• [What is expected] A faithful transcription of all the data, images excluded, is the required answer.

Raw data START

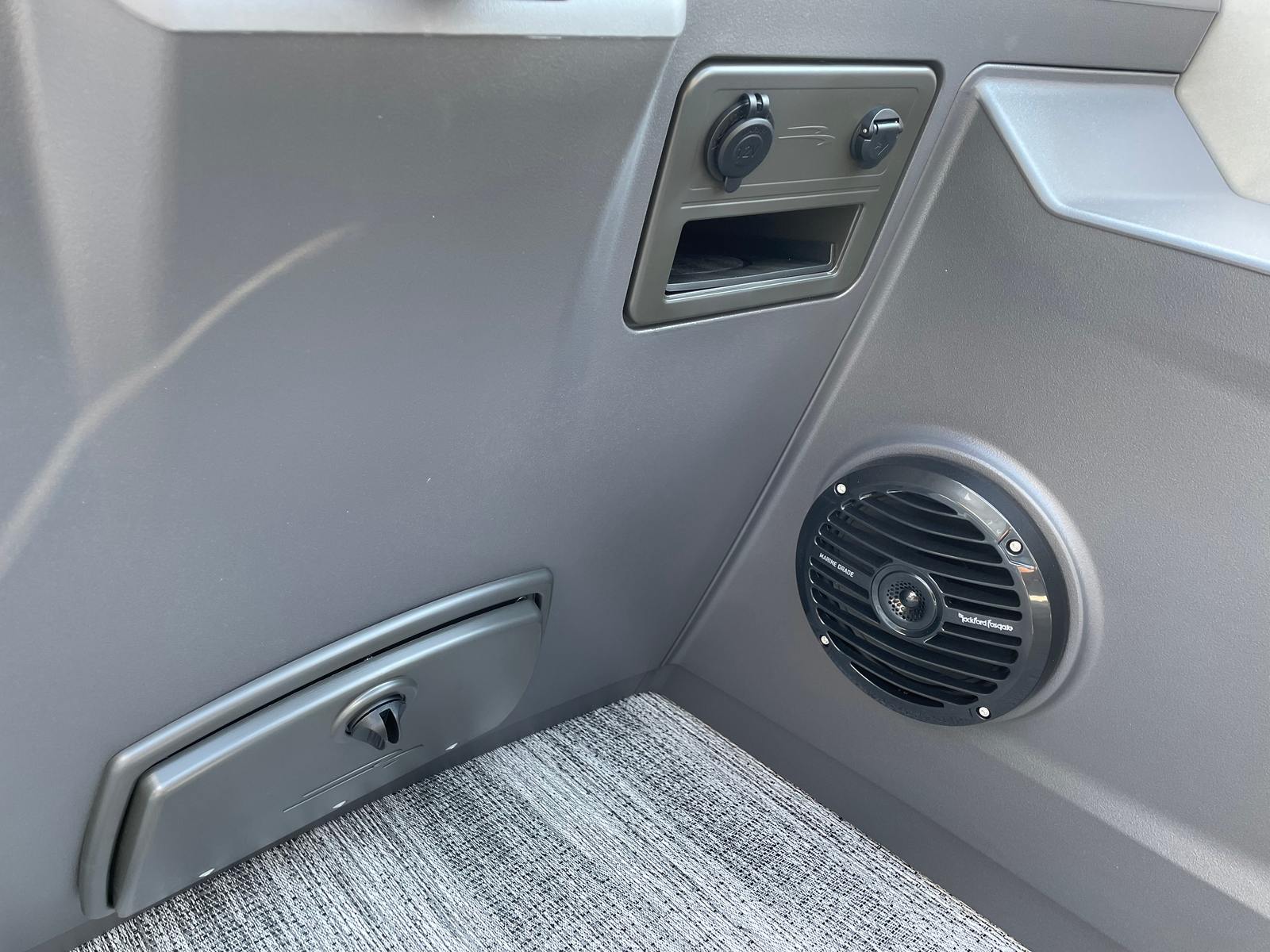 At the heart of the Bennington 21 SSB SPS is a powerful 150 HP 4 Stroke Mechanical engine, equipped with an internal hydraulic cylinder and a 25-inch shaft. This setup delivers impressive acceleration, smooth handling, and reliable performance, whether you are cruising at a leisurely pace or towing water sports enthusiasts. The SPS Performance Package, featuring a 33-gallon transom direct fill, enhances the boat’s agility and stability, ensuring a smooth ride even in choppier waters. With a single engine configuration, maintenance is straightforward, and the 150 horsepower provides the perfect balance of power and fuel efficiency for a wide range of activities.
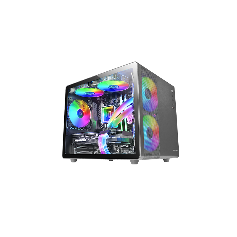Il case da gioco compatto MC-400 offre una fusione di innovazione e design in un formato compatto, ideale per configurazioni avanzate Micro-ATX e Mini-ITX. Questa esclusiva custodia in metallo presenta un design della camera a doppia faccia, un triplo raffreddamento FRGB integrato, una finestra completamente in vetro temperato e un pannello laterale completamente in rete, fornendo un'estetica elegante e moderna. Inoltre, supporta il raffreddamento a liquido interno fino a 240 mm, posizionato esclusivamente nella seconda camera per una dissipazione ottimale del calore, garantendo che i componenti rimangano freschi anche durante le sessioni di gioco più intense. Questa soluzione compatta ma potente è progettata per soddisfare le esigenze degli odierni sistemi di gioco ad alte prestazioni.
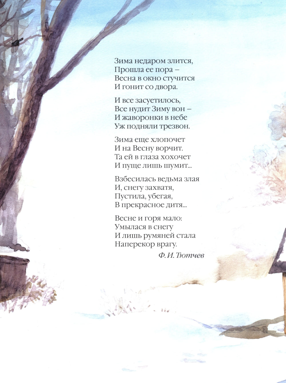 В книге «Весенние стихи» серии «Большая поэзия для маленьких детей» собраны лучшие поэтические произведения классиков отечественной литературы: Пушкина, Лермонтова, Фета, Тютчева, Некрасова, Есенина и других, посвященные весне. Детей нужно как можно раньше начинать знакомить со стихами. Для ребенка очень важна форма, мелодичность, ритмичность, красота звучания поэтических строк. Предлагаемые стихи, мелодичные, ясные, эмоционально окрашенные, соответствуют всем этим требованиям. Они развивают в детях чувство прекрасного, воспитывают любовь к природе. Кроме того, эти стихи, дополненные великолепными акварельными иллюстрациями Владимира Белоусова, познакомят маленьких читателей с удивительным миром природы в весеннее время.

Raw data END

• [Reply]
 At the heart of the Bennington 21 SSB SPS is a powerful 150 HP 4 Stroke Mechanical engine, equipped with an internal hydraulic cylinder and a 25-inch shaft. This setup delivers impressive acceleration, smooth handling, and reliable performance, whether you are cruising at a leisurely pace or towing water sports enthusiasts. The SPS Performance Package, featuring a 33-gallon transom direct fill, enhances the boat’s agility and stability, ensuring a smooth ride even in choppier waters. With a single engine configuration, maintenance is straightforward, and the 150 horsepower provides the perfect balance of power and fuel efficiency for a wide range of activities.
Il case da gioco compatto MC-400 offre una fusione di innovazione e design in un formato compatto, ideale per configurazioni avanzate Micro-ATX e Mini-ITX. Questa esclusiva custodia in metallo presenta un design della camera a doppia faccia, un triplo raffreddamento FRGB integrato, una finestra completamente in vetro temperato e un pannello laterale completamente in rete, fornendo un'estetica elegante e moderna. Inoltre, supporta il raffreddamento a liquido interno fino a 240 mm, posizionato esclusivamente nella seconda camera per una dissipazione ottimale del calore, garantendo che i componenti rimangano freschi anche durante le sessioni di gioco più intense. Questa soluzione compatta ma potente è progettata per soddisfare le esigenze degli odierni sistemi di gioco ad alte prestazioni.
 В книге «Весенние стихи» серии «Большая поэзия для маленьких детей» собраны лучшие поэтические произведения классиков отечественной литературы: Пушкина, Лермонтова, Фета, Тютчева, Некрасова, Есенина и других, посвященные весне. Детей нужно как можно раньше начинать знакомить со стихами. Для ребенка очень важна форма, мелодичность, ритмичность, красота звучания поэтических строк. Предлагаемые стихи, мелодичные, ясные, эмоционально окрашенные, соответствуют всем этим требованиям. Они развивают в детях чувство прекрасного, воспитывают любовь к природе. Кроме того, эти стихи, дополненные великолепными акварельными иллюстрациями Владимира Белоусова, познакомят маленьких читателей с удивительным миром природы в весеннее время.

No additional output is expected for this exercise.